Delegation and user visibility updates
Jama has introduced several updates coming out in 8.60 & 8.61 to help organizations delegate administrative responsibilities and further control visibility of users, groups and projects.
New Administration Roles
Previously, the organization admin role was required to perform most administrative functions. This limitation resulted in either overwhelming the organization admins with requests or providing the role to more users than desired. To remedy this Jama has introduced several new roles.
- User admin*
- Process admin*
- Add project*
* available to select customers in 8.60
The goal of each new role is to provide access to specific responsibilities allowing an organization to delegate as appropriate.
Please note: Organization admin permissions cannot be overridden. In the past there was the appearance of controlling an org admin’s access, but that user could still see all projects and content and if they wanted, give themselves access. We believe we can remove some of the confusion around org admins with the addition of the new roles and ability to decrease the need for a large group of org admins. No updates or overrides configured in the past were removed. We do recommend removing these going forward as your organization adopts the new admin roles.
A group or user assigned only the user admin role will be limited to managing organization groups and user details/licenses. While this user will have access to all organization groups and users, they will not have the ability to see any projects or assign permissions.

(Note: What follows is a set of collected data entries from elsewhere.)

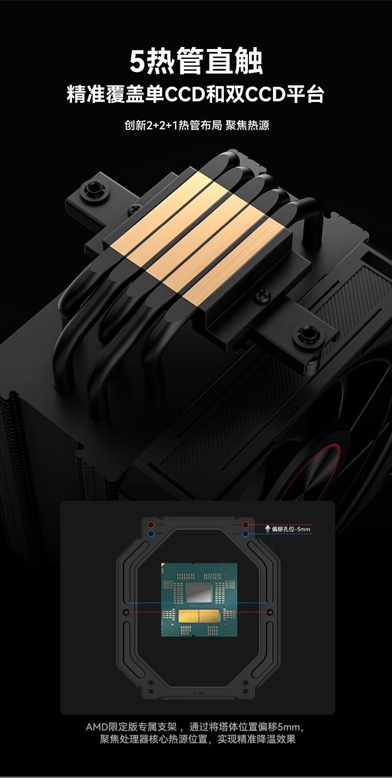 According to ITHome (via Guru3D), the heatsink itself features folded and clipped fin-edge finishing. Heat is transferred via five direct-touch heat pipes arranged in a unique 2+2+1 pattern. Interestingly, ID-Cooling has tuned this layout specifically to align with the decentralised hotspots of modern chiplet-based CPUs. The AMD Limited Edition takes this optimisation a step further by including a 5mm offset mounting bracket designed to centre the heat pipes directly over the compute dies of Ryzen processors. This version features red visual accents and is only supported by AMD platforms, whereas the all-black standard model supports both Intel and AMD sockets.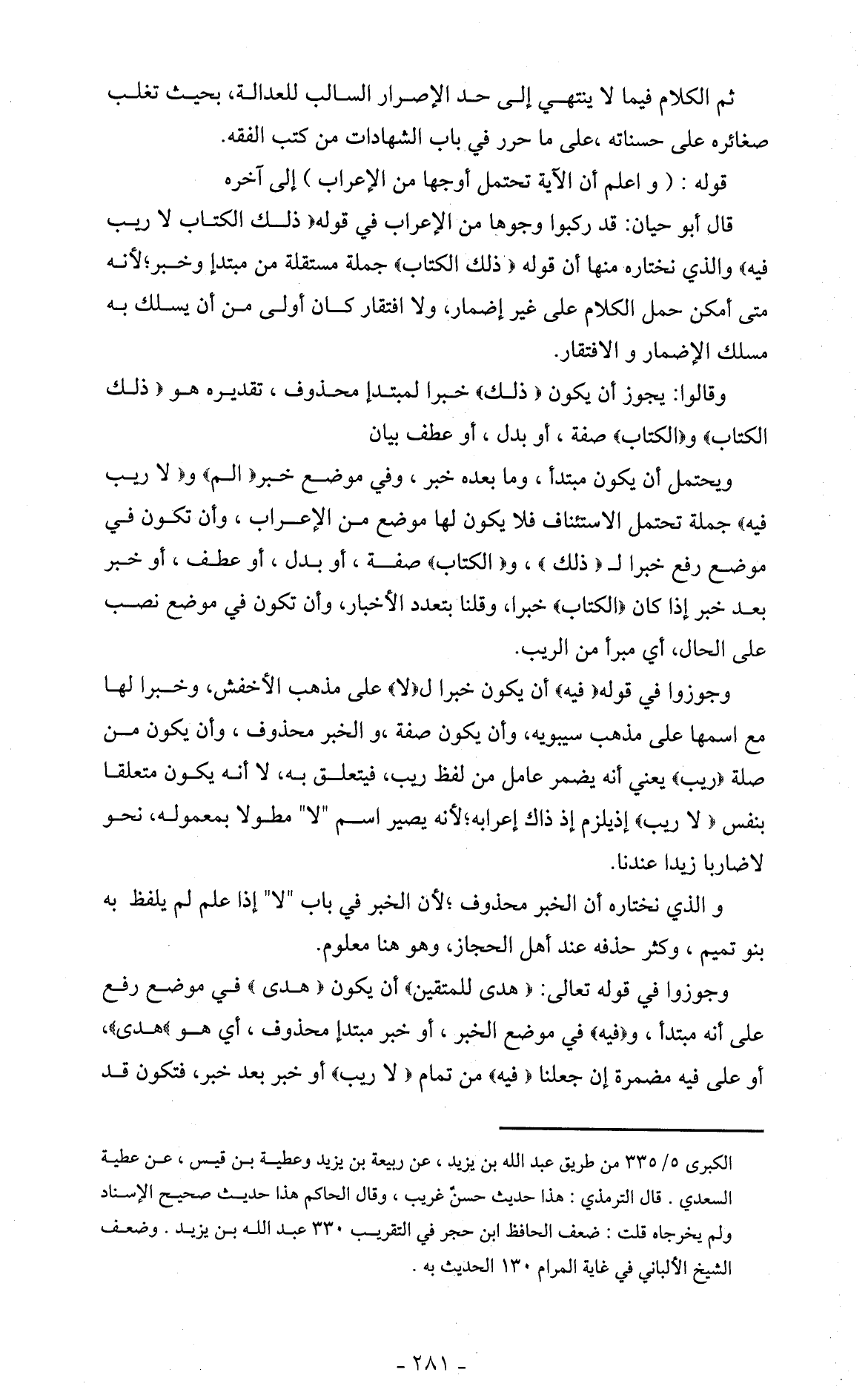 قال أبو حيان: قد ركبوا وجوها من الإعراب في قوله (ذلك الكتاب لا ريب فيه) والذي نختاره. منها أن قوله (" ذلك الكتاب) جملة مستقلة من مبتدإ وخبر؛ لأنه متى أمكن حمل الكلام على غير إضمار، ولا افتقار كان أولى من أن يسلك به مسلك الإضمار والافتقار.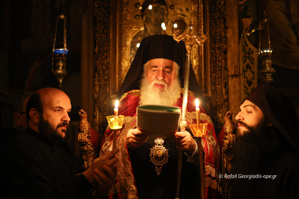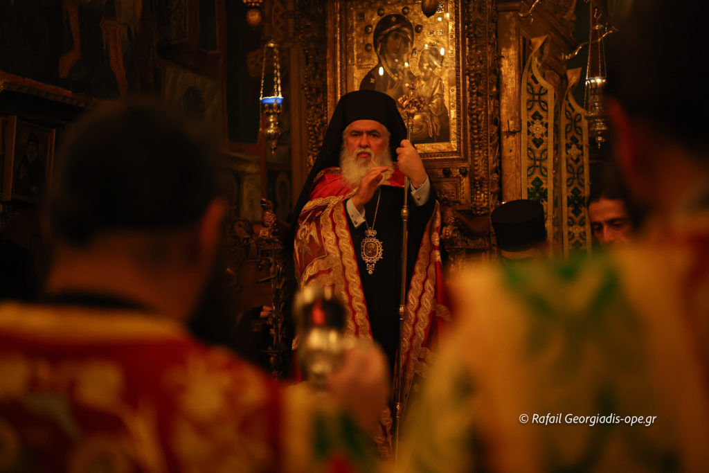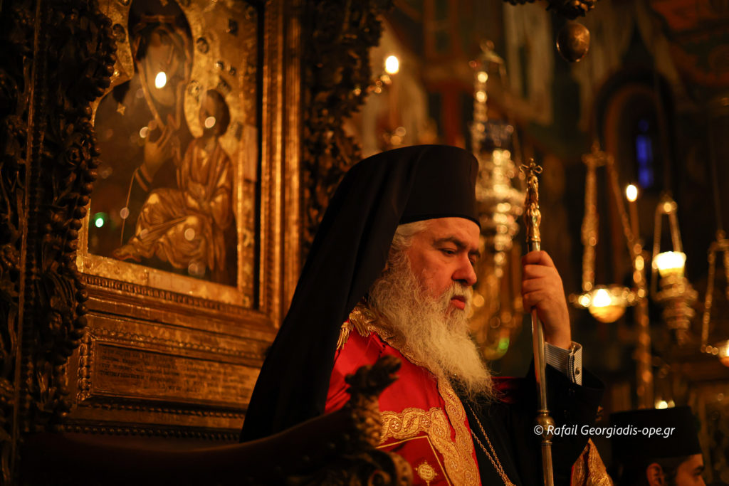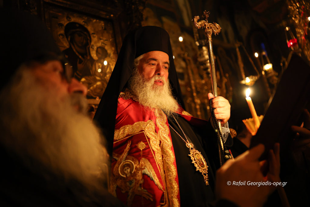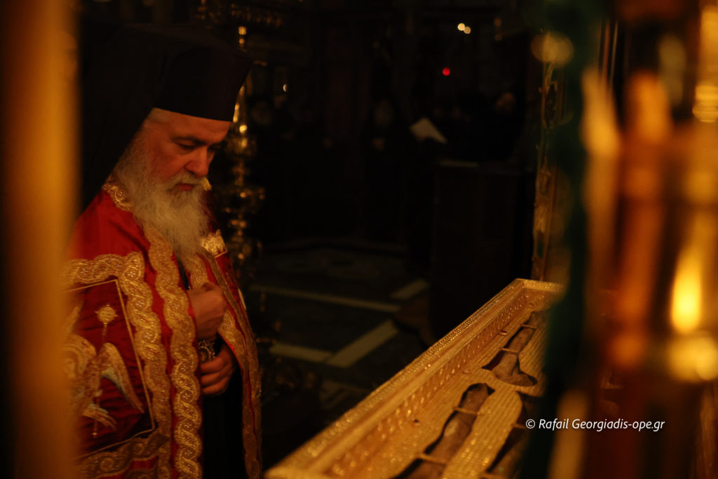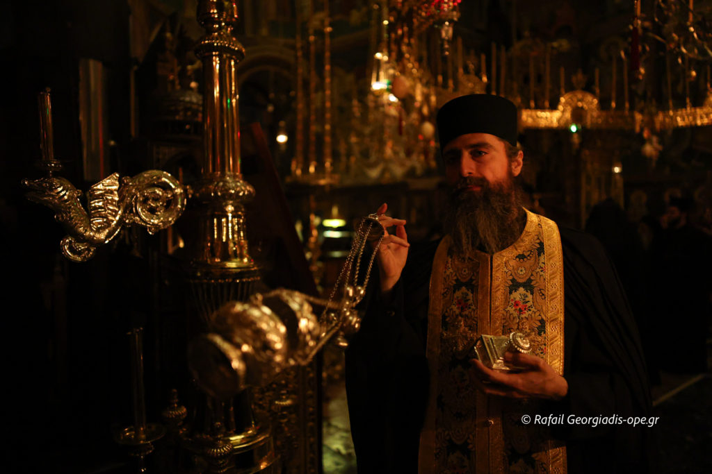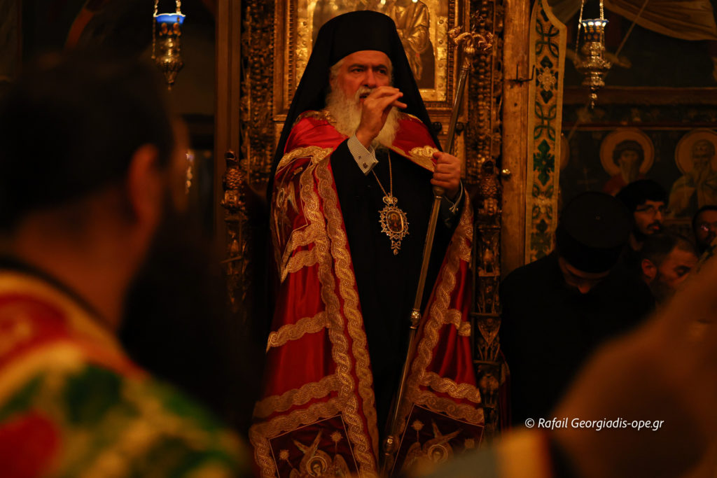 Του Πανηγυρικού Εσπερινού προεξάρχει ο Μητροπολίτης Νεαπόλεως και Σταυρουπόλεως κ. Βαρνάβας, πλαισιούμενος από τον Καθηγούμενο της Ιεράς Μονής Βατοπαιδίου Γέροντα Εφραίμ, ιερείς και διακόνους.

Some of you may be asking “What good is a user admin that can’t assign permissions?” To answer this question, we have provided the ability to combine the user role with the project admin to control which projects this user can see and adjust permissions.
In the example below, the user has been assigned the user admin role and the project admin role for the Standard Frameworks folder. This user does not have visibility into any projects located outside of this folder but can add a user to Connect and provide them access to projects in this folder. Checking the Project role at the organization level for the user admin will give the group default access to all projects.
Only the project groups where the user admin is a project admin will be visible when viewing the list of all system users.
The process admin is limited to working with areas focused on how data in Connect is managed.
Similar to the user admin role, the process admin will not have access to projects where they are not configured as a project admin. The first example below shows what a process admin with no project admin rights would see when viewing relationship rules. If they attempt to remove the rule the system will inform the user that there are projects assigned to the rule and it cannot be removed.
In the next example, the process admin has been assigned project admin rights to the folder holding a group of sample projects. They can now see the projects assigned to the rule and adjust those accordingly.
As the name states, this role is to provide users with the ability to create a new project. We recognize that it may be rare when a new project is created without copying a template or previous project. To remedy this and to ensure that there is control over which projects can be seen and duplicated, we’ve also combined this option with project admin rights. Those users will have the ability to duplicate any project where they are the project admin. Archiving and deletion continue to be the responsibility of org admins.
This role is specific to developers that may need to upload or adjust reports but shouldn’t have access to any other administrative areas. To keep with the theme of not exposing projects, the report admin can only apply the new report to projects where they have access when not uploading the report for the organization.
User and group visibility and additional settings – 8.61
There are several ways of accessing users and groups when editing items, notifying others to an update or commenting. Users have noted there were inconsistencies in who was shown in these options as well as situations where there was a desire to control options for additional security. The primary goal was to consistently only provide lists of users and groups that aligned with the focus project’s permissions.
Signer roles restricted to selected project
Small update was made to remove any projects groups that are outside of the project content being reviewed. Organization groups will continue being displayed.
Project admin access to all users
One new setting we were asked to provide is to allow project admins full access to all users and organization groups so they can add these users to their projects. We created the setting separately from the new user admin role as many organizations do not want their project admins accessing user licensing, only adding existing users into their project.
Access to all users and organization groups will not be default behavior, and org admin can provide the option via a new setting on the Admin -> Organization Details page.
New comments from global Stream disabled
The global Stream tab is helpful for finding and reviewing questions and comments from different projects in one place. It has not proven to be helpful as a place to create new comments and was considered an issue for security as all users and groups are accessible via @ mention.
To address the security issue without immediately removing the option for all that may find this helpful we’ve introduced a new setting. New comments from the global Stream will not be default behavior however, replies to comments will still be available. Please note the @ mention users in replies will be restricted to main comment’s project the same as if the user was replying to the comment from within the project.
An org admin can turn new comments back on via a new setting on the Admin -> Stream page.
We added new restrictions to existing REST endpoints that are specific to accessing users and groups.
GET users/ & GET usergroups/ will both require the requestor to be an organization admin or user admin as both endpoints provide full access to all users in Connect. A project admin will be able to access their groups and users by providing a project ID.
Endpoints that include a specific user or group (e.g. GET usergroups/id) will check that the requestor shares project permissions with the requested user or group prior to retrieving data.